The Offshore Technology Research Center in College Station, Texas, has a 150-foot (46 meters) long and 100-foot (30 meters) wide basin that can simulate ocean waves from several directions and gusty winds.

Delta Flume: a 985-foot long wave generator built in Delft, Netherlands | Photo: Marco De Swart/Creative Commons

Homemade Wave Pools

Making waves is easy.

"A very small drop of water landing on a still-water surface will generate surface wrinkles (capillary waves) that radiate outward," show Bascom and McCoy.

"As the size of the drop is increased, the capillary waves will be seen to be followed by tiny gravity waves that plainly have a longer wavelength."

"An eyedropper and a bathtub are all the equipment needed."

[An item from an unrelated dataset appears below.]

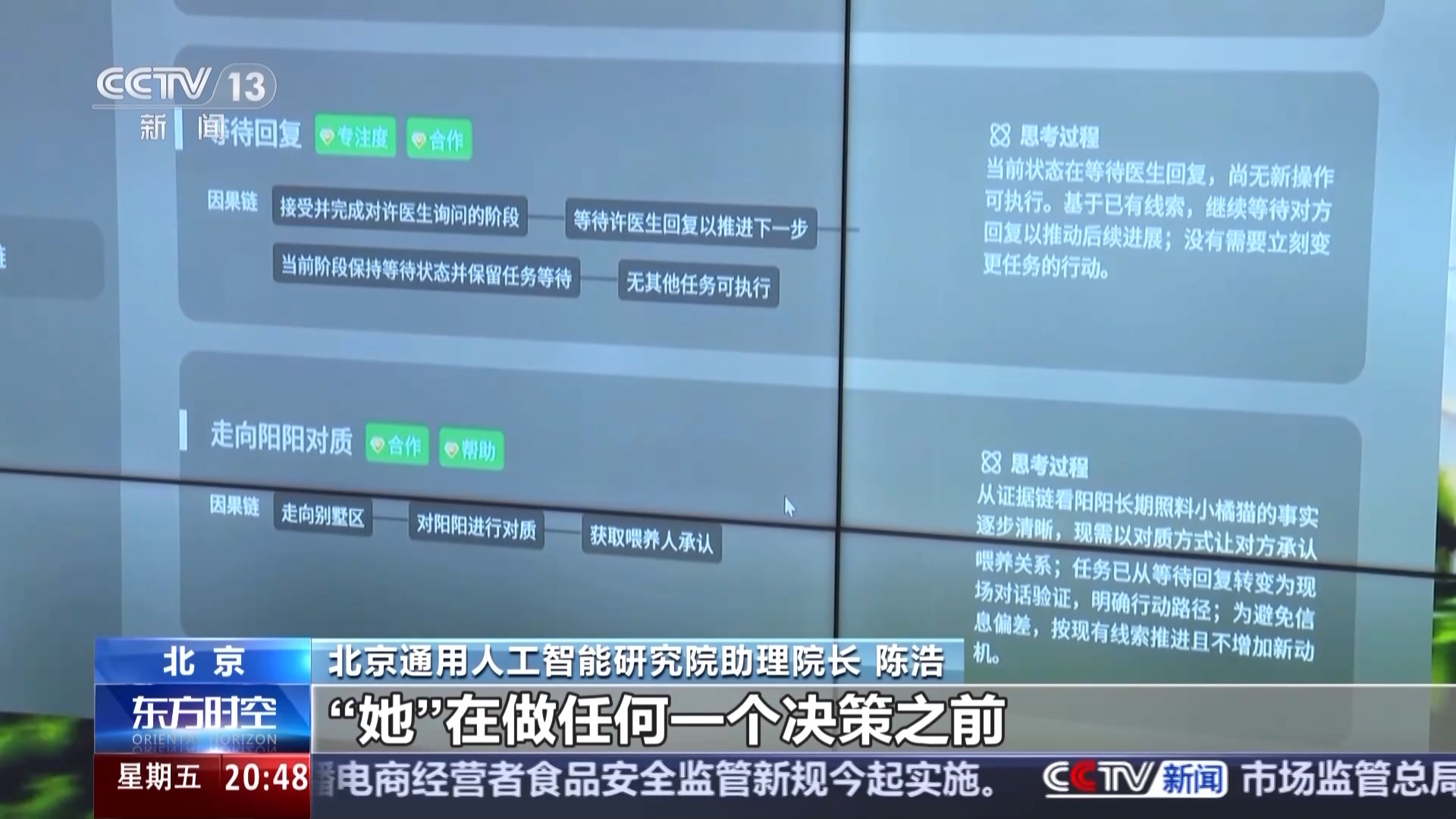 北京通用人工智能研究院助理院长 陈浩:“通通”在和他人对质的过程中,“她”背后有多个维度的价值在作用,一个维度的价值是“她”要完成自己的任务帮助别人,另外一个价值是“她”还要维护和“她”对质的这个人之间的关系。“她”在做任何一个决策之前,在脑海里会预演各种各样的可能性,在每一种可能性里边基于价值进行评判。

Making fully functioning rideable waves requires a bit more time and materials. In the end, all you need to have is a mechanism that displaces water correctly.

But you don't need to be an engineer and spend a lot of money to build a homemade wave pool.

It's a doable challenge, as long as you have a generous area where you can install a surfable wave, a few resources and materials, and a helping hand.

There are several self-made artificial wave pools in the world.

One of the most popular and interesting prototypes was designed and built by Fred Coblyn in Indonesia.

"Fred's Wave" can generate a small roller using human energy (arm power) or, alternatively, a micro-power generator that produces a wave for under four cents.

Also, Garrett Johnson, founder of Ocean Innovations, once introduced a portable backyard wave pool concept that created a narrow wave with simple equipment.

"Many years ago, at the University of Kenya, there was no money for a mechanical wave generator," reveal the authors of "Waves and Beaches."

"Instead, one of the students rocked a piece of plywood, whose lower edge rested on the tank bottom, back and forth between two chalk lines on the tank rim, timing the action with the second hand of a watch."